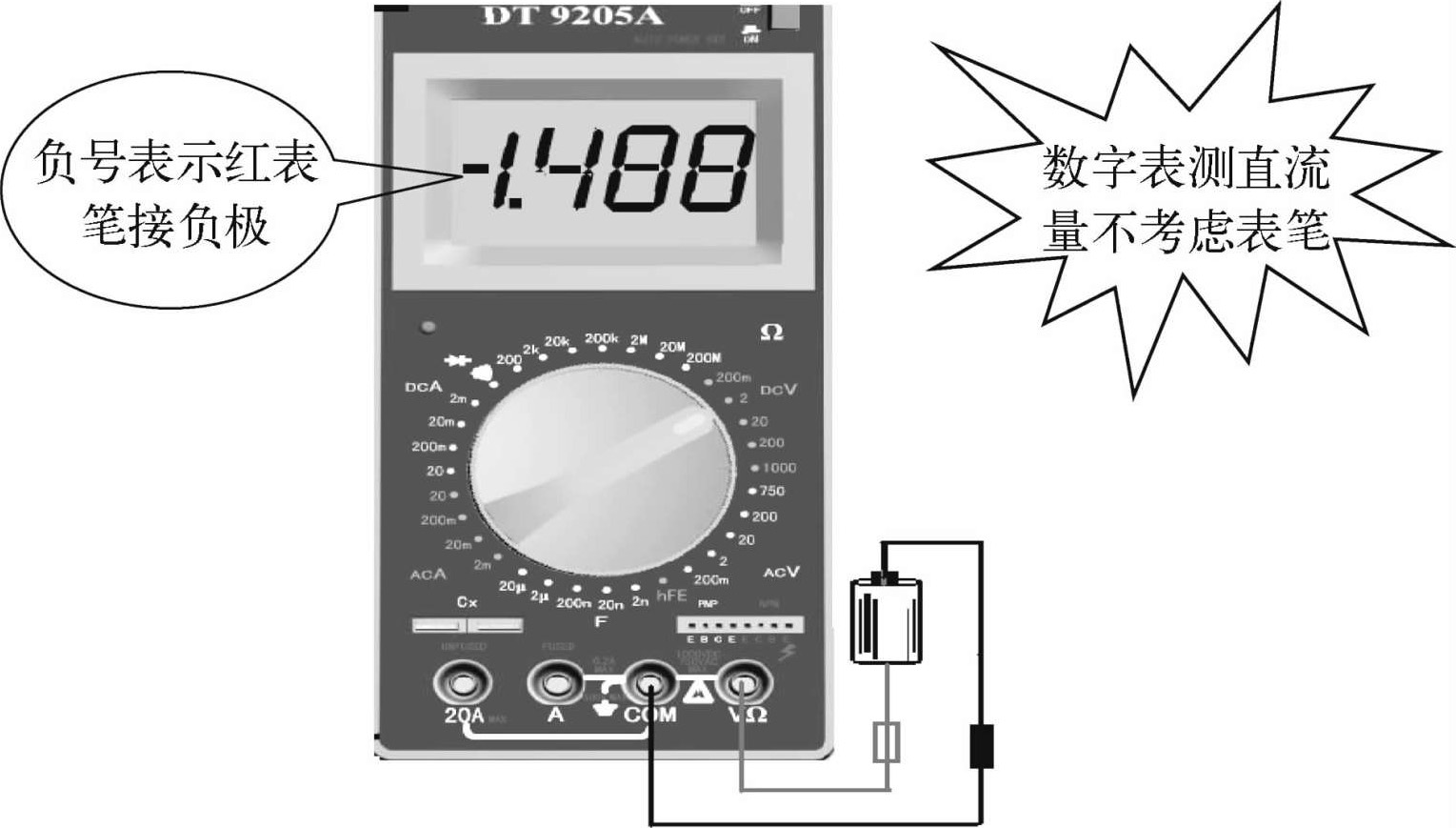 若是表针反向转,接线正负反极性——在测量时,若是表针反向偏转,说明正负极性接反了,应立即交换红、黑表笔的接入位置。
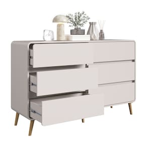 A Cômoda 06 Gavetas Linha Curve da Completa Móveis apresenta funcionalidade, praticidade e elegância com design arrojado e atemporal! Com cantos arredondados, traz uma leveza ao ambiente. As molduras laterais arredondadas são em MDF, garantindo qualidade superior. Possui seis gavetas com corrediças telescópicas e pés plásticos. Produto entregue desmontado. Produto Montado: Sim Acabamento da Gaveta: BP Altura dos Pés: 16 cm Altura Máxima dos Pés: 16.0000 Ambiente Principal: Quarto codigo_ean: 7900288248053 Complexidade da Montagem: Baixa: pode ser montado por uma pessoa sozinha Cor: Bege Dunas Cor do Produto: Bege Dunas Cor Interna: Bege Escala de Brilho: Fosco Escala de Brilho da Gaveta: Fosco Gaveta com Chave: Não Itens Inclusos: 1 Cômoda, Kit Ferragens e Manual de Montagem Linha ou Coleção: Curve Manual de Montagem e Instalação: https://product-hub-prd.madeiramadeira.com.br/313211664/documents/e9dfd0a3-a4bf-47f8-9197-0dfa9130b0303239302522917588867860626.pdf Marca: Completa Móveis Material da Gaveta: MDP Material do Fundo: mdf Material dos Pés: Plástico Material Principal: MDP Necessita Montagem: Sim Origem do Produto: Nacional Pés Reguláveis: Não Peso: 58,3 kg Peso Máximo por Gaveta: 4 kg Possui Espelho: Não Possui Nichos: Não Possui Pés: 05 Possui Portas: Não Possui Prateleiras: Não Possui Rodízio: Não Quantidade de Gavetas: 06 Gavetas Recomendações de Uso, Manutenção e Limpeza: Use um pano levemente umedecido com água, seguido de pano seco. Não utilize produtos químicos ou abrasivos. Sapatas Niveladoras: Não Sistema de Montagem: Sistema de montagem via parafusos, cavilhas e kit minifix. Suporta Até (kg): 34 kg Tipo de Corrediça da Gaveta: Metálica Telescópica Tipo de Puxador da Gaveta: Embutido
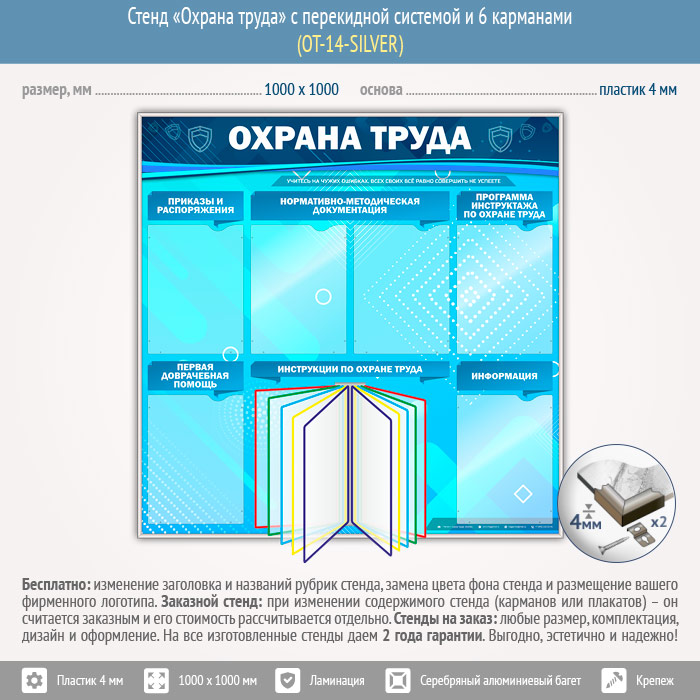 Стенд «Охрана труда» с перекидной системой и 6 карманами (OT-14-SILVER) в Химках купить
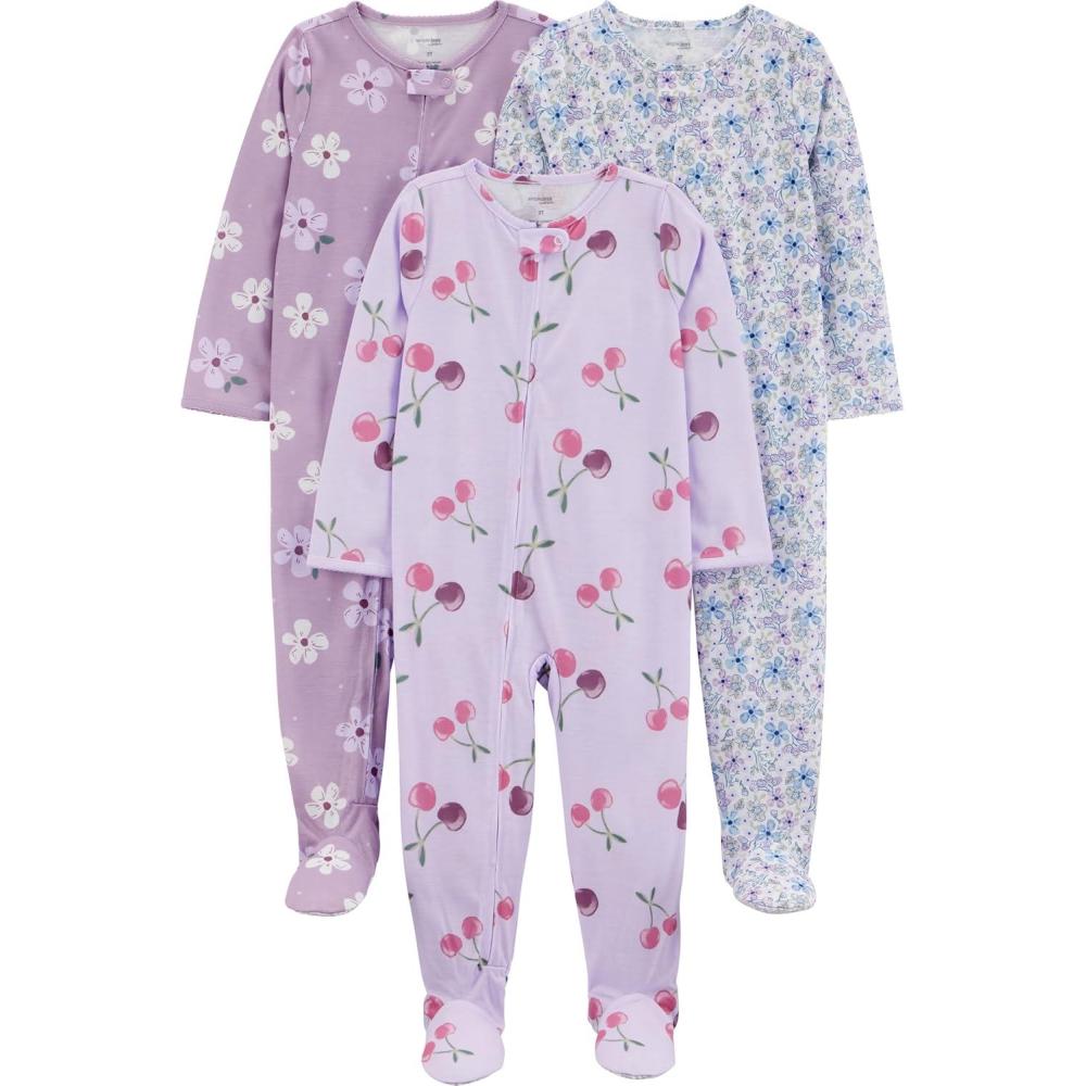 A three-pack of colorful long-sleeve footed pajamas featuring playful prints and ankle-to-chin zippers for easy changes.

PROBLEM STATEMENT:
The pictures are not wanted, but every line of the listing should be duplicated exactly.

EXERCISE RESPONSE:
 若是表针反向转,接线正负反极性——在测量时,若是表针反向偏转,说明正负极性接反了,应立即交换红、黑表笔的接入位置。
 A Cômoda 06 Gavetas Linha Curve da Completa Móveis apresenta funcionalidade, praticidade e elegância com design arrojado e atemporal! Com cantos arredondados, traz uma leveza ao ambiente. As molduras laterais arredondadas são em MDF, garantindo qualidade superior. Possui seis gavetas com corrediças telescópicas e pés plásticos. Produto entregue desmontado. Produto Montado: Sim Acabamento da Gaveta: BP Altura dos Pés: 16 cm Altura Máxima dos Pés: 16.0000 Ambiente Principal: Quarto codigo_ean: 7900288248053 Complexidade da Montagem: Baixa: pode ser montado por uma pessoa sozinha Cor: Bege Dunas Cor do Produto: Bege Dunas Cor Interna: Bege Escala de Brilho: Fosco Escala de Brilho da Gaveta: Fosco Gaveta com Chave: Não Itens Inclusos: 1 Cômoda, Kit Ferragens e Manual de Montagem Linha ou Coleção: Curve Manual de Montagem e Instalação: https://product-hub-prd.madeiramadeira.com.br/313211664/documents/e9dfd0a3-a4bf-47f8-9197-0dfa9130b0303239302522917588867860626.pdf Marca: Completa Móveis Material da Gaveta: MDP Material do Fundo: mdf Material dos Pés: Plástico Material Principal: MDP Necessita Montagem: Sim Origem do Produto: Nacional Pés Reguláveis: Não Peso: 58,3 kg Peso Máximo por Gaveta: 4 kg Possui Espelho: Não Possui Nichos: Não Possui Pés: 05 Possui Portas: Não Possui Prateleiras: Não Possui Rodízio: Não Quantidade de Gavetas: 06 Gavetas Recomendações de Uso, Manutenção e Limpeza: Use um pano levemente umedecido com água, seguido de pano seco. Não utilize produtos químicos ou abrasivos. Sapatas Niveladoras: Não Sistema de Montagem: Sistema de montagem via parafusos, cavilhas e kit minifix. Suporta Até (kg): 34 kg Tipo de Corrediça da Gaveta: Metálica Telescópica Tipo de Puxador da Gaveta: Embutido
 Стенд «Охрана труда» с перекидной системой и 6 карманами (OT-14-SILVER) в Химках купить
 A three-pack of colorful long-sleeve footed pajamas featuring playful prints and ankle-to-chin zippers for easy changes.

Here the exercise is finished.